Cells of Sphing. paucimobilis were prepared as described previously [22] from 100 ml cultures of E. coli BL21 (DE3) cells carrying either pET-gelK, pET23a⁺ or pET29b. EDTA-permeabilized bacterial cells were obtained using the method described by Tomalsky et al. [30], modified slightly as described in [22]. Radiolabelled and non-radiolabelled glycolipid acceptors were synthesized in vitro by incubating 150 μl of permeabilized cells in the presence of the relevant sugar donor (2 mM UDP-Glc, 2 mM UDP-GlcA, 0.25 μCi of UDP-[U-¹⁴C]Glc or 0.25 μCi of UDP-[U-¹⁴C]GlcA), as described previously [22]. The glycolipids were then recovered as described previously [31]. Permeabilized cell suspensions of BL21 (DE3) carrying pET23a⁺ (150 μl) were used directly to prepare endogenous glycolipid acceptors. Extracts were finally dried in a SpeedVac to a final volume of 10 μl and were stored at −80 °C until use.
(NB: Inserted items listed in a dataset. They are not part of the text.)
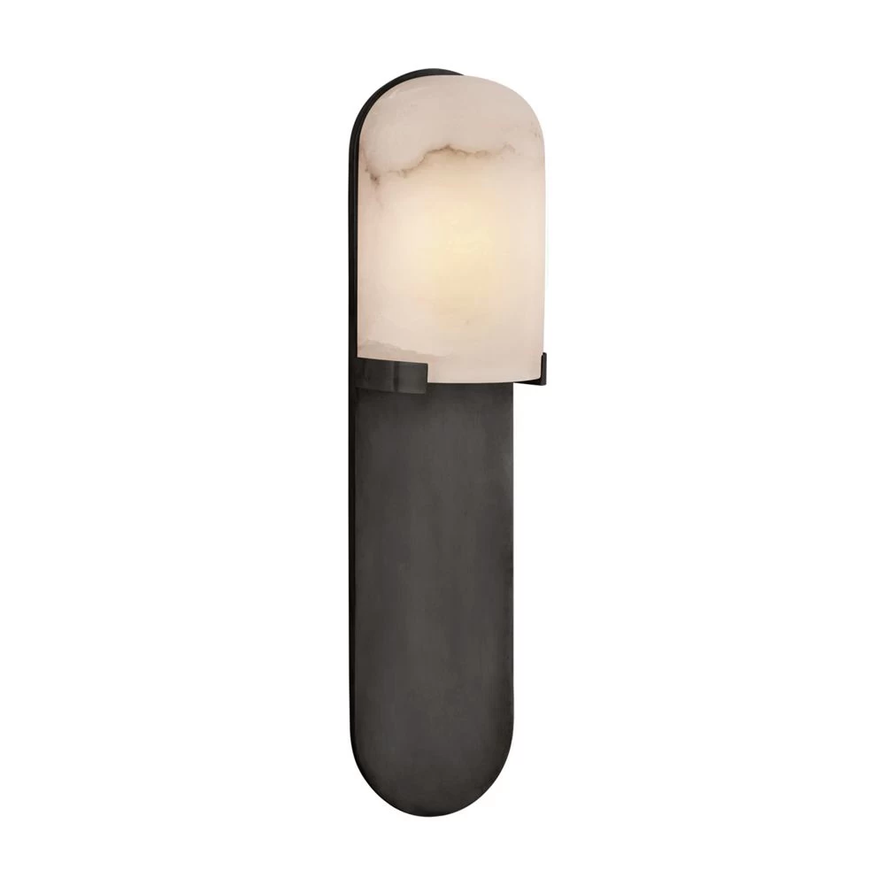 Kelly Wearstler design metal pill-shaped sconce in Bronze with Alabaster shade. Available in Antique Burnished Brass, Polished Nickel and Bronze finishes. Sconce has 4×18.25 wall backplate.
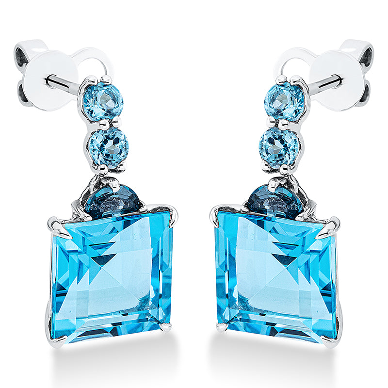Ohrschmuck 18 kt WG, 2 Topase 0,30 ct Lond. blue, 2 Topase 10,70 ct blau, 4 Topase 0,60 ct blau
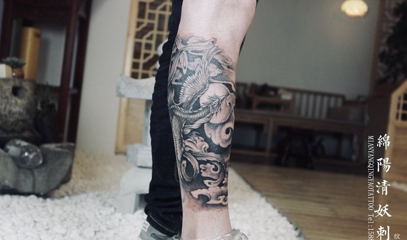 当前位置: 首页 >四川省绵阳市纹身店-绵阳清妖刺青纹身店纹身图案>小腿朱雀纹身 高作品纹身图片_脚部腿部老传统新传统纹身图案
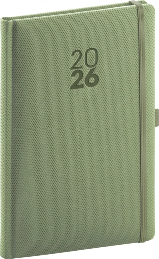 Élégant agenda hebdomadaire Diamante 2026 de couleur olive avec une fine texture rappelant la taille du diamant, idéal pour la planification personnelle et professionnelle.
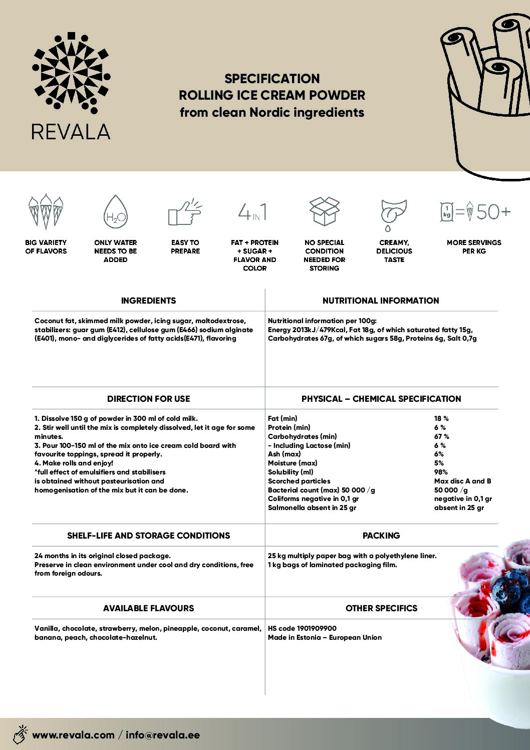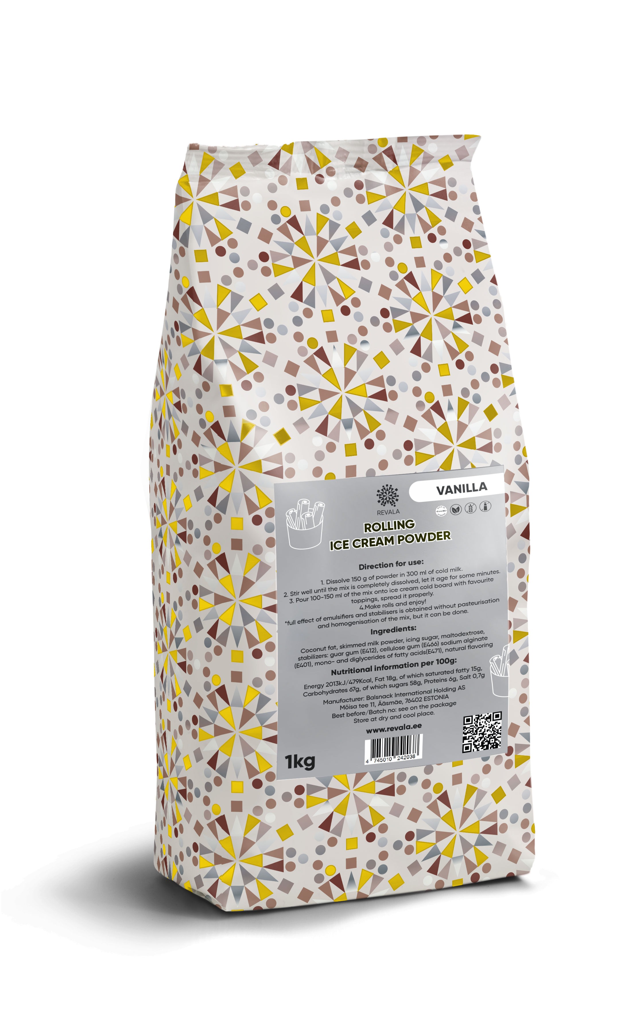 Rulli jäätisepulber on saadaval 1 kg ja 25 kg pakendites. Suurema koguse tellimiseks palun pöördu otse Revala meeskonna poole!
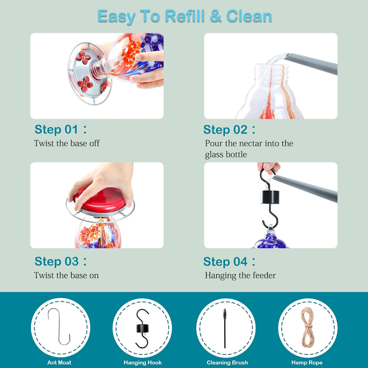 - Convenient to Fill and Clean: With a wide mouth opening design and simple structure, it’s very easy to refill nectar; also convenient to clean with a bottle brush
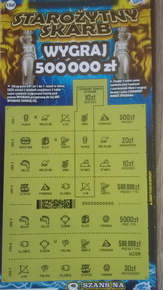 Tak wygląda po zdrapaniu, fajne egipskie, antyczne symbole. Tabela wygranych jest ta sama co w Lewandowskim ;)

Galactosyltransferase assay

Galactosyltransferase assays were performed in 100 μl volumes containing 10 μl of the glycolipid acceptor, 70 mM Tris/HCl, pH 8.2, 1% Triton X-100, 12.5 mM MgCl₂ and 0.10 μCi of UDP-[U-¹⁴C]Gal (267 mCi/mmol) (or 2 mM UDP-Gal), the reaction being started by addition of WciS–His₆ (approx. 30–300 μg of total protein). Assays were performed in triplicate. After 1 h at 37 °C, the reaction was stopped by the addition of 100 μl of water and 200 μl of chloroform/methanol (1:1, v/v) or analysed directly in native PAGE. Glycolipids were isolated (see below), and the radioactivity was determined by liquid-scintillation counting. The oligosaccharide moiety was released as described previously [22,31] and submitted to analytical TLC [31]. Glucose, galactose, glucuronic acid and oligomaltose (dimer to pentamer) were used as standards. Unlabelled sugar standards on the TLC plate were revealed by charring (100 °C for 10 min) after treatment with 5% H₂SO₄ in ethanol. The remaining portion of the plate containing the radiolabelled oligosaccharides was analysed with a phosphoimager Fujifilm FLA-8000.

Galactosidase digestion

To determine the linkage configuration (α or β) of the galactose residue transferred in vitro, the oligosaccharides co-migrating with WciS–His₆ in the gel or released directly after mild acid hydrolysis were incubated overnight either in 10 mM Mops, pH 6.5, containing 0.6 units of α-galactosidase from green coffee beans (G8507, Sigma–Aldrich), or in 100 mM Tris/HCl, pH 7.3, containing 11 units of β-galactosidase (G3153, Sigma–Aldrich) from E. coli at 25 and 37 °C respectively. Controls were performed with oligosaccharides incubated in the respective buffers without glycosylhydrolases.

RESULTS

WciS–His₆ is expressed mainly as a membrane-associated protein in E. coli

The Strep. pneumoniae wciS gene was cloned into the expression vector pET23a⁺ by PCR amplification based on available nucleotide sequences [10,18]. The resulting recombinant protein, WciS–His₆, is predicted to have 354 amino acids with a C-terminal His₆-tag. The production of WciS–His₆ by E. coli BL21 (DE3) harbouring pET-wciS was confirmed by SDS/PAGE and His₆-tag Western blotting. A 39 kDa protein was detected after 1 h of IPTG-induction (results not shown). The amount of protein increased for up to 3 h after induction and remained constant after overnight culture (results not shown). In all subsequent experiments, we prepared protein samples from cultures following 2 h of induction. The 39 kDa protein was identified as WciS–His₆ by Western blotting and immunodetection using an antibody against the His₆-tag epitope (see below) and N-terminal amino acid sequencing.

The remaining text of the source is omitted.